Signed-off-by: Mateusz Starzyk <mateusz.starzyk@mobica.com>
diff --git a/include/mbedtls/check_config.h b/include/mbedtls/check_config.h
index bccbae7..3998ede 100644
--- a/include/mbedtls/check_config.h
+++ b/include/mbedtls/check_config.h
@@ -622,6 +622,14 @@
#error "MBEDTLS_SHA384_C defined without MBEDTLS_SHA512_C"
#endif
+#if defined(MBEDTLS_SHA224_C) && !defined(MBEDTLS_SHA256_C)
+#error "MBEDTLS_SHA224_C defined without MBEDTLS_SHA256_C"
+#endif
+
+#if defined(MBEDTLS_SHA256_C) && !defined(MBEDTLS_SHA224_C)

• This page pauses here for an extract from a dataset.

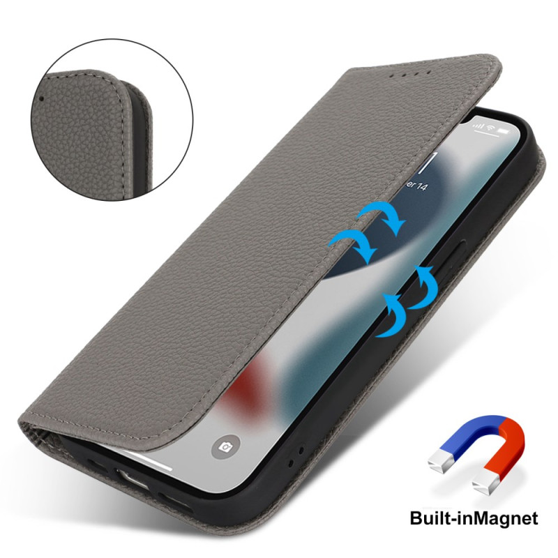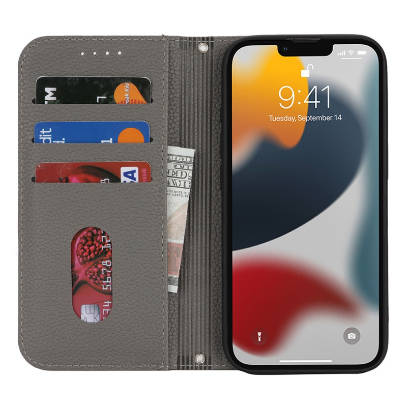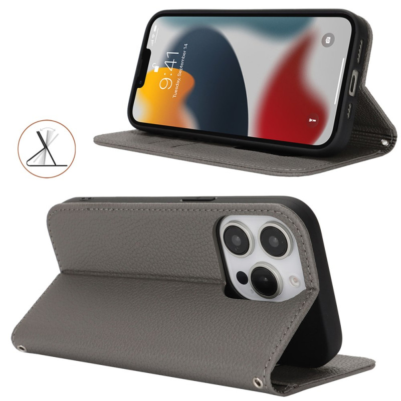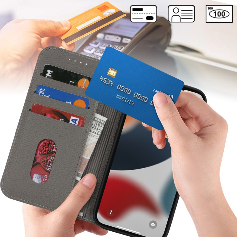 Descubra a nossa elegante capa com aba em pele texturada para o iPhone 13 Pro Max e 12 Pro Max. Com um suporte integrado, 3 ranhuras para cartões e um fecho magnético seguro, esta capa combina estilo e funcionalidade.

+#error "MBEDTLS_SHA256_C defined without MBEDTLS_SHA224_C"
+#endif
+
#if defined(MBEDTLS_SSL_PROTO_TLS1) && ( !defined(MBEDTLS_MD5_C) || \
!defined(MBEDTLS_SHA1_C) )
#error "MBEDTLS_SSL_PROTO_TLS1 defined, but not all prerequisites"
diff --git a/include/mbedtls/config.h b/include/mbedtls/config.h
index b802cd4..0787b5f 100644
--- a/include/mbedtls/config.h
+++ b/include/mbedtls/config.h
@@ -3107,7 +3107,7 @@
/**
* \def MBEDTLS_SHA256_C
*
- * Enable the SHA-224 and SHA-256 cryptographic hash algorithms.
+ * Enable the SHA-256 cryptographic hash algorithms.
*
* Module: library/sha256.c
* Caller: library/entropy.c
@@ -3116,12 +3116,31 @@
* library/ssl_srv.c
* library/ssl_tls.c
*
- * This module adds support for SHA-224 and SHA-256.
+ * This module adds support for SHA-256.
+ * This module is required for SHA-244.
* This module is required for the SSL/TLS 1.2 PRF function.
*/
#define MBEDTLS_SHA256_C
/**
+ * \def MBEDTLS_SHA224_C
+ *
+ * Enable the SHA-224 cryptographic hash algorithms.
+ *
+ * Module: library/sha256.c
+ * Caller: library/entropy.c
+ * library/md.c
+ * library/ssl_cli.c
+ * library/ssl_srv.c
+ * library/ssl_tls.c
+ *
+ * Requires: MBEDTLS_SHA256_C
+ * This module adds support for SHA-224.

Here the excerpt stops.